Nasir Al-Din Tusi is known for his great contribution in many fields of science. He is one of the well-known Muslim scholars. He worked on various subjects like sun, moon, stars, music, medicine, light and so on. He wrote around 150 books and one detailed essay on a four-sided shape known as Quadrilateral. He lived his early life in Iran and then went to Iraq where he died. Western scholar Nicolaus Copernicus studied his works when he researched on planets and stars.
Biography – Life Span
Nasir Al-Din Tusi was born on 18 February 1201 in Tu’s city located in the northeast of Iran. He studied the Quran, hadith, mathematics, and philosophy at an early age. He was raised by his mother as his father died when he was too young. From Tus, he moved to Nishapur where Nasir Al-Din was taught by a teacher whose family connections went up to Ibn-e-Sina – a famous and leading Muslim scholar.
By the age of twenty-two, he joined the Ismaili community and stayed at Quhistan in the castle of Alamut. Alamut had a rich library, he used it for scientific and philosophical research and wrote many books on these subjects. Besides, he worked on Ptolemy, Archimedes and many other Greek philosophers’ thoughts.
Tusi remained in the castle of Alamut until 1258 when it was attacked and captured by Hulagu Khan – a Mongol leader. He joined Hulagu Khan and was appointed by him as a close advisor on scientific developments. Nasir Al-Din is known as one of the greatest astronomers who study the planets and stars. He spent his last days at Baghdad in Iraq and died there on 26 June 1274.
Discoveries and Contributions
Nasir Al-Din is known as Persian polymath which means one who is good at multiple fields.
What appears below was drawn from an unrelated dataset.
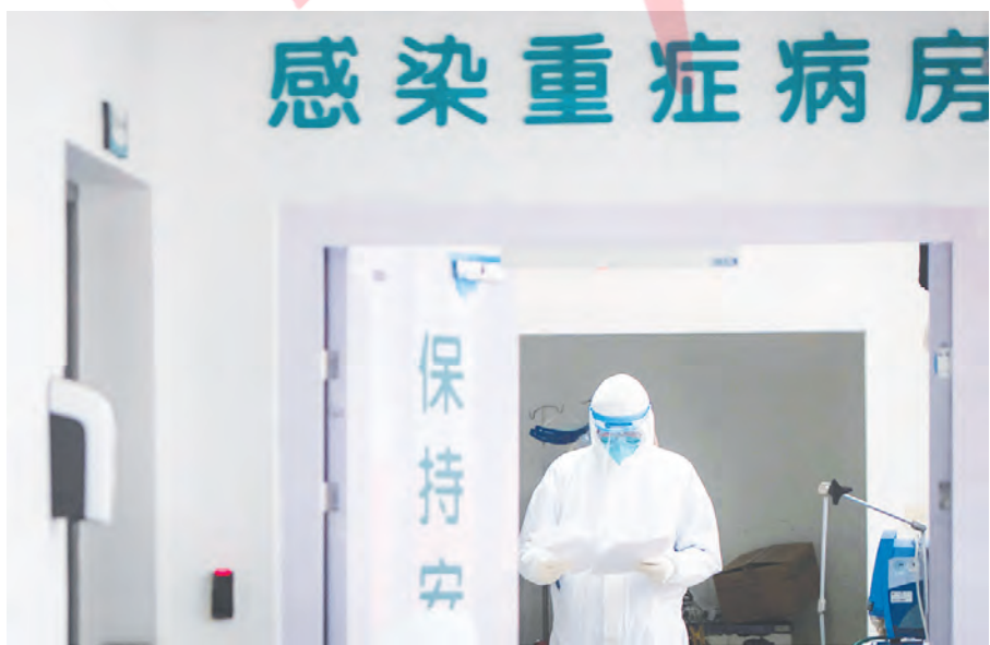
Ilmuwan Tiongkok menjadi yang terdepan dalam menciptakan vaksin virus corona. Vaksin yang diuji sejumlah perusahaan yang berada di bawah naungan pemerintah Tiongkok telah menunjukkan hasil positif dalam percobaan uji klinis.

Hingga kini, pemerintah Indonesia belum menentukan bagaimana penanganan para pengungsi ini untuk jangka panjang. (sr/qn)

Though he worked on astronomy and mathematics at great length, yet he did not shy away from subjects like biology, medicine, music, and literature. His main discoveries can be explained in the following way.
- Trigonometry – He brought many changes in existing concepts of trigonometry given by Greek mathematician Ptolemy. With the help of trigonometry, he observed the motion and position of planets and stars.
- Astronomy – Tusi’s concepts on planetary motions laid foundations for further development as Nicolaus Copernicus worked on the basis of his works. Moreover, Tusi had also given the concept of Milky Way – a galaxy, it was three hundred years later confirmed by Galileo Galile
- Philosophy and literature – Tusi wrote books on Shia beliefs and moral works in Persian and on scientific like astrolabes and quadrilaterals.
- Observatory – Nasir Al-Din got the observatory constructed at Maragha in 1259 by Hulagu Khan for his research on planetary motions. It also had a library with around 400,000 books and best instruments taken from Baghdad to work on astronomy.
- Planetary Tables – The observatory helped Tusi make planetary tables and the position of planets as they moved in twelve months.
- Tusi’s Couple – Tusi’s work on trigonometry produced a model, called Tusi’s Couple, in which a small circle revolved in a big circle to show the linear or straight motion.
- The Astrolabe – This instrument was invented by Tusi to know the vertical distance between land or sea and planetary bodies.